--- EXTRACTED RECORDS ---
"""

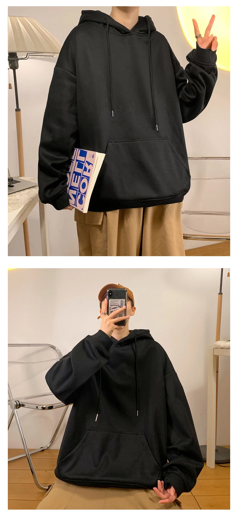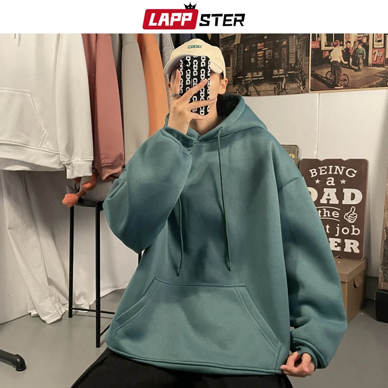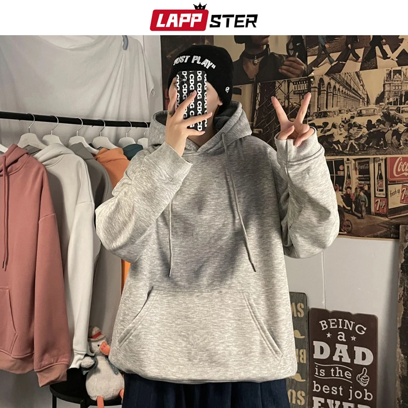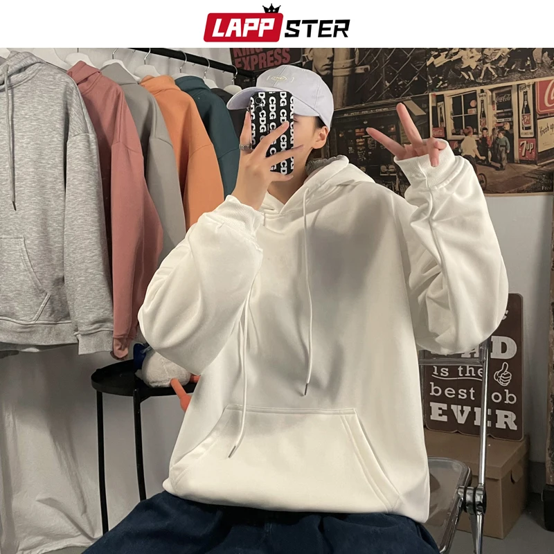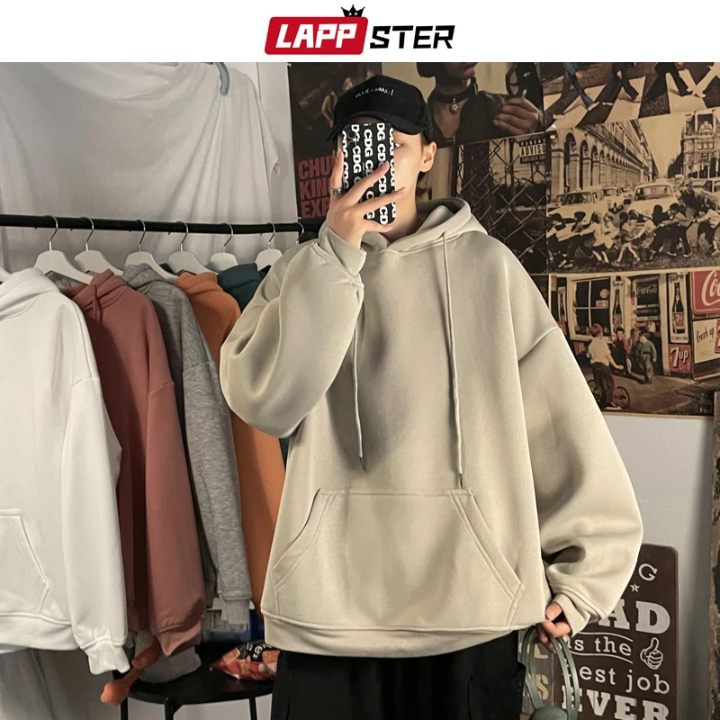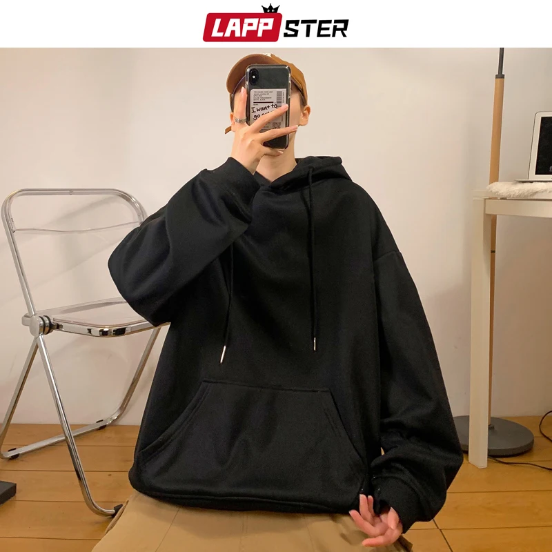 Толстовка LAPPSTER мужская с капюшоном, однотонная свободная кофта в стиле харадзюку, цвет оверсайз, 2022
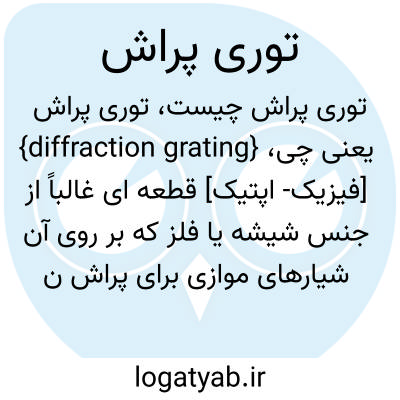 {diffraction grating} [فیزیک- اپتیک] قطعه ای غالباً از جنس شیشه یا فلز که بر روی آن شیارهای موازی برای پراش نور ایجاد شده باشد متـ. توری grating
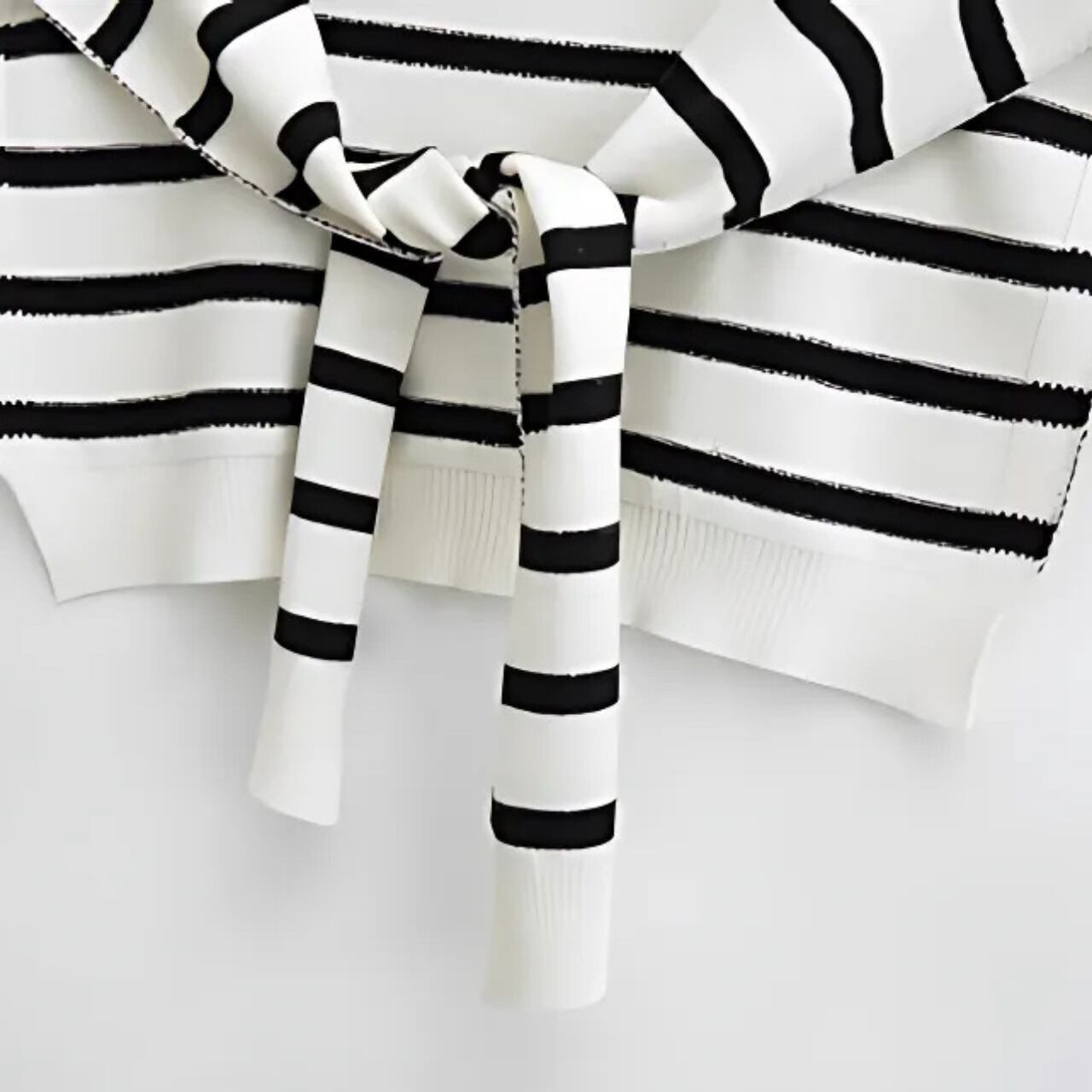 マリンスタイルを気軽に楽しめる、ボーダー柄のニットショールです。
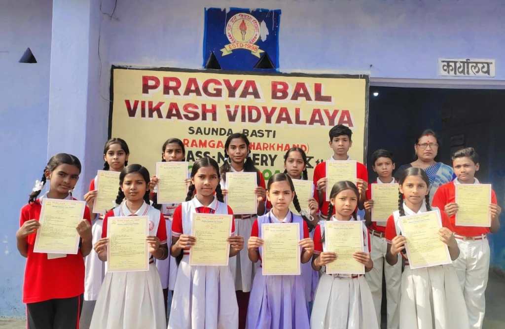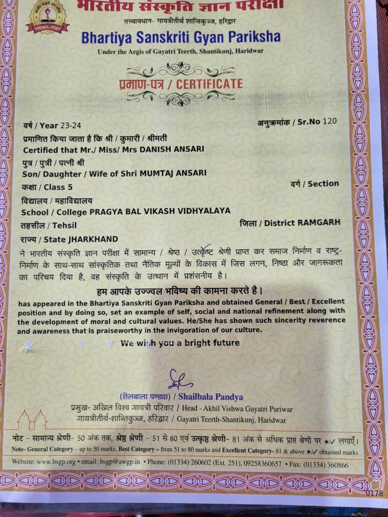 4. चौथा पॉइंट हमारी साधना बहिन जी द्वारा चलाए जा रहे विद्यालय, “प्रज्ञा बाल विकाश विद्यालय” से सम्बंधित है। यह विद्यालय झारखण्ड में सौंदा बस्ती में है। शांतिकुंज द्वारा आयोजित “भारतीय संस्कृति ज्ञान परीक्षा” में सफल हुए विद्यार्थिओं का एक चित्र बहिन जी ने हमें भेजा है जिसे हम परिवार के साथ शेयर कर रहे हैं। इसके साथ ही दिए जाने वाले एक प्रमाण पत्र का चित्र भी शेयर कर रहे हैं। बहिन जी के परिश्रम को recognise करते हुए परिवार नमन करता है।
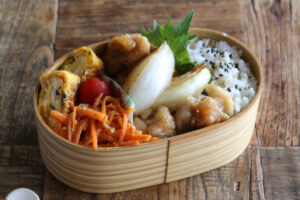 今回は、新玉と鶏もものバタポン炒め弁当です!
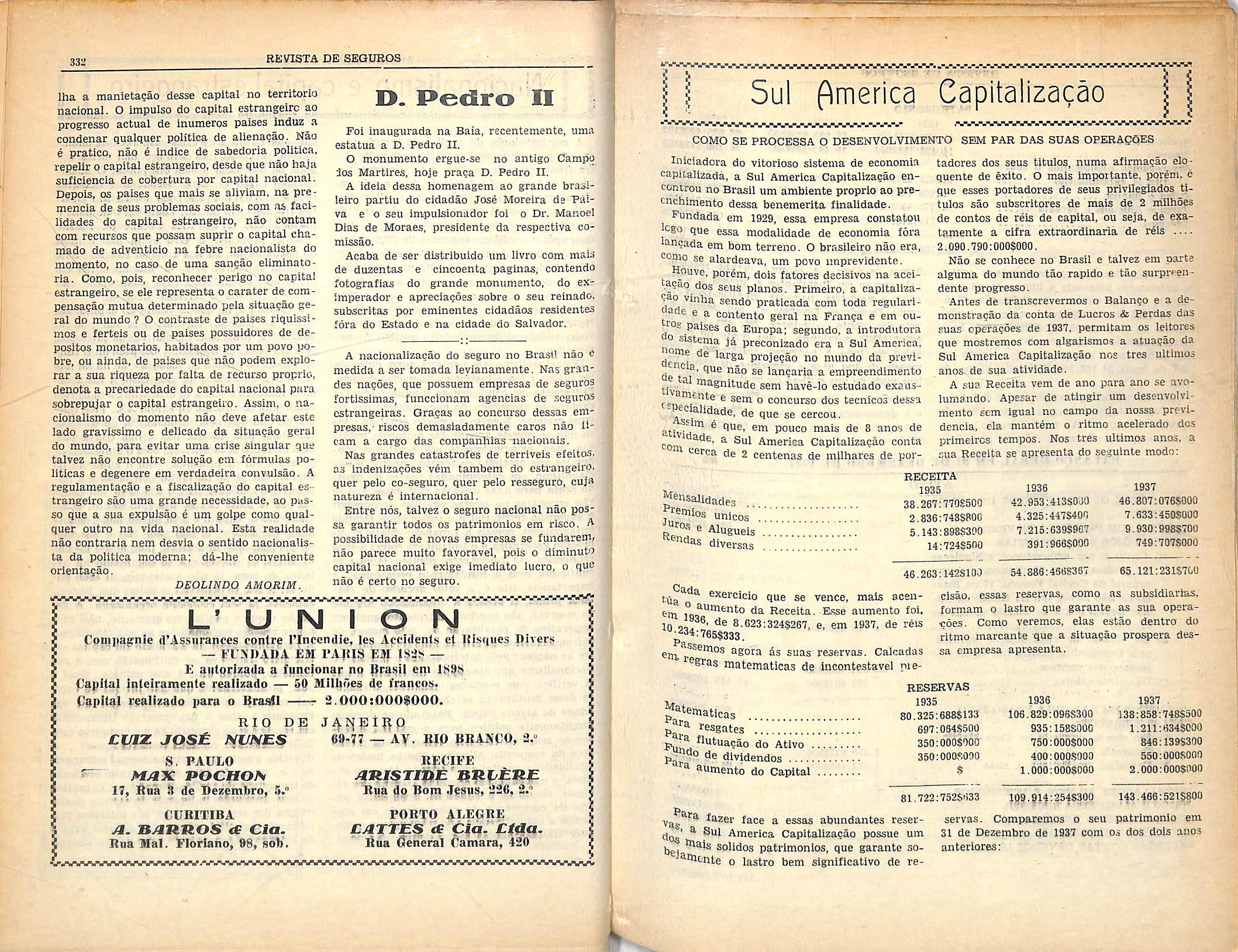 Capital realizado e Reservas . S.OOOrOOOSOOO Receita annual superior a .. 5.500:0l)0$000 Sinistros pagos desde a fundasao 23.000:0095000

"""

Could you retype exactly the lines running from the one with "متـ. توری grating" to the end of the material above, pictures omitted?

 {diffraction grating} [فیزیک- اپتیک] قطعه ای غالباً از جنس شیشه یا فلز که بر روی آن شیارهای موازی برای پراش نور ایجاد شده باشد متـ. توری grating
 マリンスタイルを気軽に楽しめる、ボーダー柄のニットショールです。
 4. चौथा पॉइंट हमारी साधना बहिन जी द्वारा चलाए जा रहे विद्यालय, “प्रज्ञा बाल विकाश विद्यालय” से सम्बंधित है। यह विद्यालय झारखण्ड में सौंदा बस्ती में है। शांतिकुंज द्वारा आयोजित “भारतीय संस्कृति ज्ञान परीक्षा” में सफल हुए विद्यार्थिओं का एक चित्र बहिन जी ने हमें भेजा है जिसे हम परिवार के साथ शेयर कर रहे हैं। इसके साथ ही दिए जाने वाले एक प्रमाण पत्र का चित्र भी शेयर कर रहे हैं। बहिन जी के परिश्रम को recognise करते हुए परिवार नमन करता है।
 今回は、新玉と鶏もものバタポン炒め弁当です!
 Capital realizado e Reservas . S.OOOrOOOSOOO Receita annual superior a .. 5.500:0l)0$000 Sinistros pagos desde a fundasao 23.000:0095000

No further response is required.